# Freeride Equipment 2011 for good carving



## agoston.berko (Feb 8, 2011)

I want to carve with softboots. Not extreme carving, only what is possible with softboots.

I want a FASTEC bindings on my board because it's comfy for me. Maybe: SP Mountain LTD (FLEX9)
I need some stiff boots. Maybe Burton Driver X (FLEX9)

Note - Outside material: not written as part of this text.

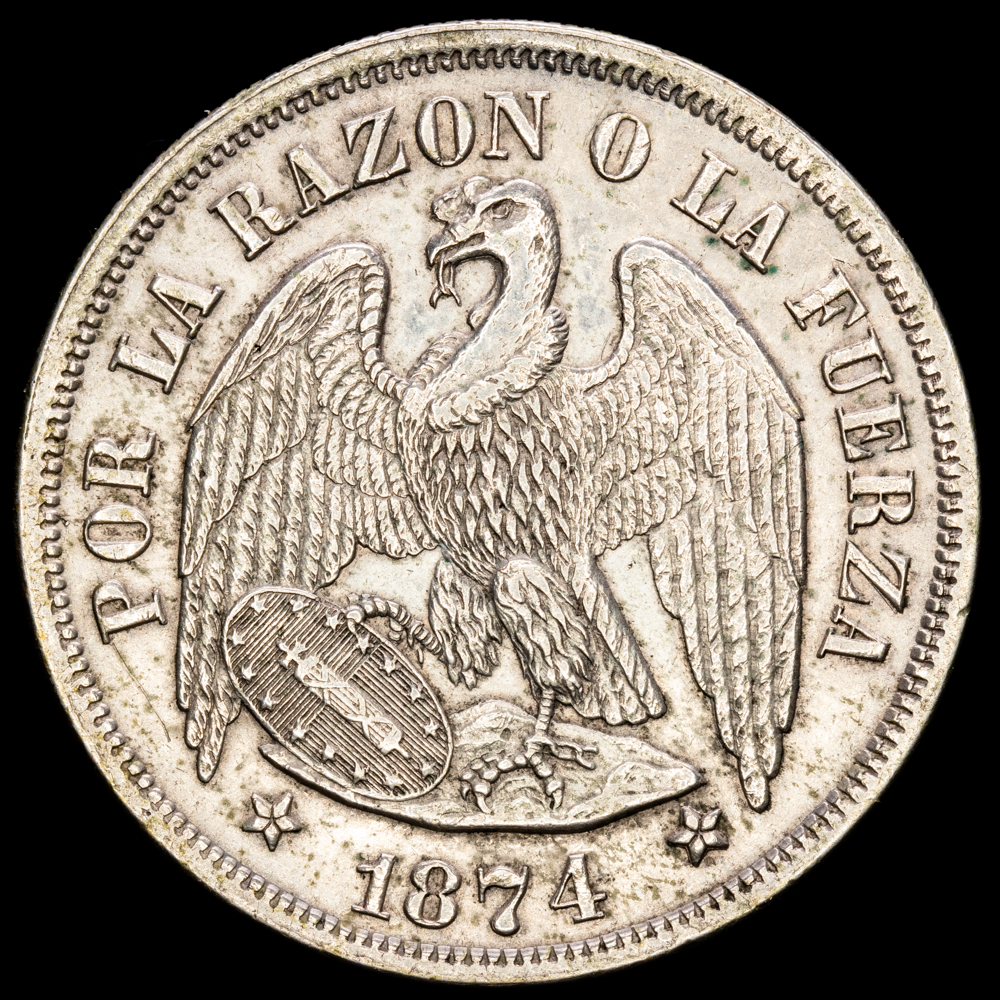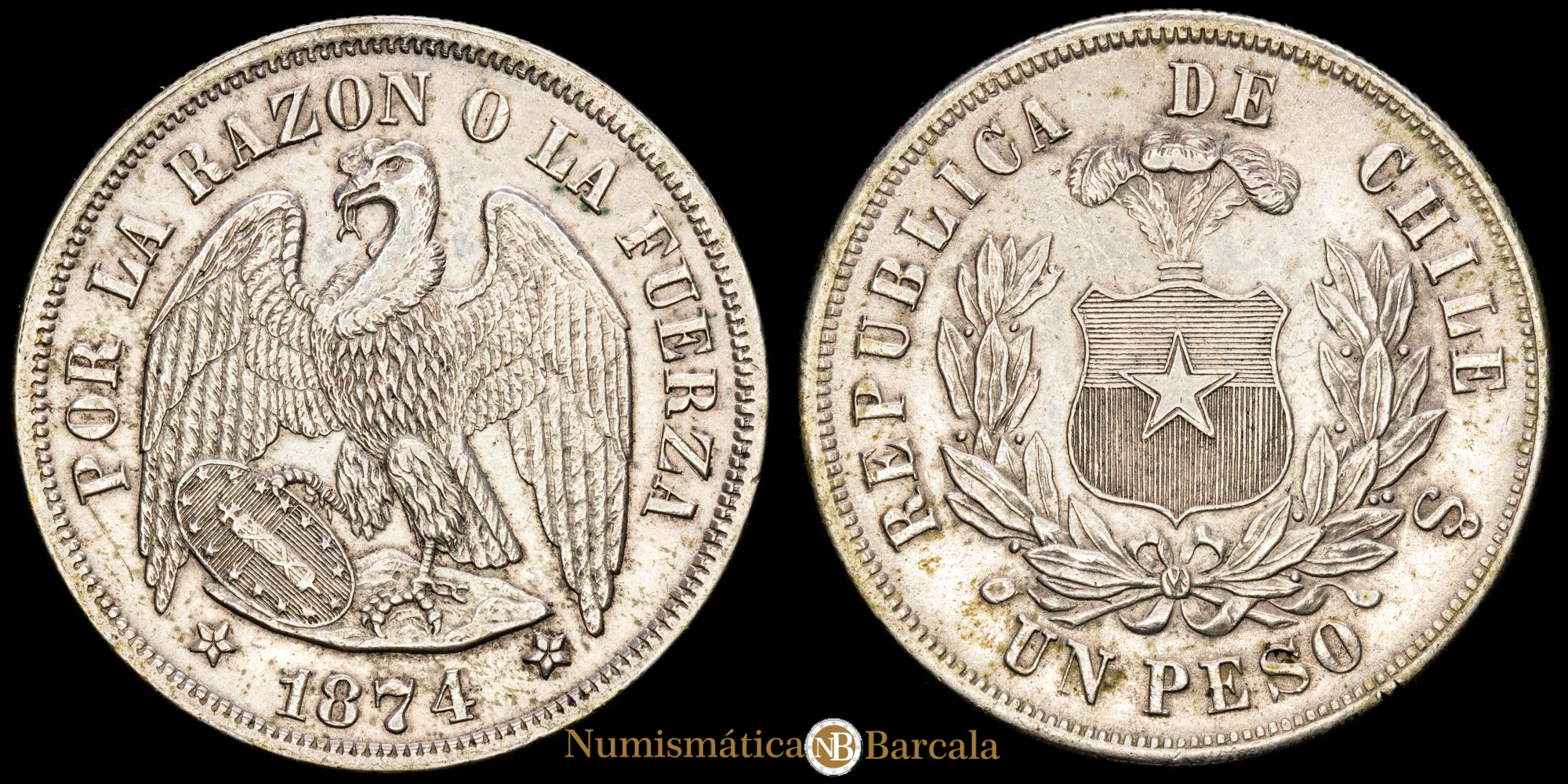 Numismática Barcala > Productos > Monedas Mundiales > America Sur > Chile > Chile. 1 Peso. (24,94g.). Santiago. 1874. KM-142.1. XF.
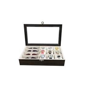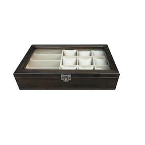 Prático e luxuoso, na linha madeira maciça encontrarmos um toque vintage, objeto decorativo onde são visíveis os veios naturais da madeira. Nossos estojos irão facilitar seu dia a dia com a organização e segurança que sua coleção precisa, além de proporcionar um ambiente mais sofisticado e elegante.Produzida com madeira natural de reflorestamento. Escolhida rigorosamente, totalmente tratada, tingida e envernizada externamente. Internamente, inclusive as divisórias são revestidas com nylon aveludado e as almofadas que acompanham o produto, normalmente são também em tecido aveludado. Na linha madeira maciça é possível observar os veios naturais da madeira. As dobradiças não são aparentes e possuem um limitador. A tampa possui visor com vidro transparente. Acompanha um fecho giratório de pressão em metal, ideal para colocar cadeado. Seus relógios sempre bem protegidos e acomodados confortavelmente, com toda segurança e facilidade no manuseio. Características da caixa:- Produto fabricado em madeira maciça de qualidade,- Não empena,- Ébano flocado de bege- Revestimento interno aveludado, inclusive as divisórias,- Fecho giratório de pressão em metal suporta cadeado ,- Tampa de vidro 2 mm,- Acompanha almofadas nos casulos para Relógio.- Porta óculos- Medidas aproximadas dos casulos para Relógio larg x comp x alt : 7,5 x 7,5 x 7,0 cm.Relógios e óculos não acompanham o estojo - Imagens meramente ilustrativas

I need board recommandations but if you say that 
SP Mountain LTD Fastec bindings and Burton Driver X 
is not the best suited for my goal, than I will modify them too.

So boards:
-Salomon Burner 2011 166cm (maybe too straight line carves, too high speed)
-F2 Eliminator 166cm (maybe not the best for carving and too aggresive)
-F2 Eliminator Carbon 166cm (maybe to much for 550Euro and too aggresive)
-Palmer Platinum (hard to get)
-Palmer Crown 
-Neversummer Raptor (maybe the best choice, maybe too fast)
-Arbor A-Frame (maybe durability not so good)
-NiDecker ... (maybe best choice)
-Jones Flagship
-Rossignol Experience

no pipe
no big jumps
little powder

90% CARVE on PISTEEEE

82kg
185cm

NO CUTTED RACEBOARDS PLEASE !
AND NO HARDBOOTS !

Thanks


----------



## KIRKRIDER (Mar 18, 2008)

I am immensely enjoying my A-Frame...K2cinch CTX and Burton Driver X setup. The A-Frame is REALLY fast on piste, stable and mono-rail like carves, especially with the driver-x flex inserts (they stiffen the boots 3X) and a lot of fun in powder too.
they CTXs are so fast to strap in...
AS for durability...I don't se any particular issue.
I ride mostly on powder, and carve when it's not a pow day...A-Frame is perfect for that. Very aggressive and responsive board.


----------



## TLN (Sep 7, 2010)

First really interesting thread IMO =))

1st: Board.
Eliminator is ok. Pricey but carves well. I think it aint too agressive. 
NS Raptor is a good choice too.
Imho this depend on where do you live. If In Europe get Elim(they're made in Eurore, afaik), if in US get Raptor.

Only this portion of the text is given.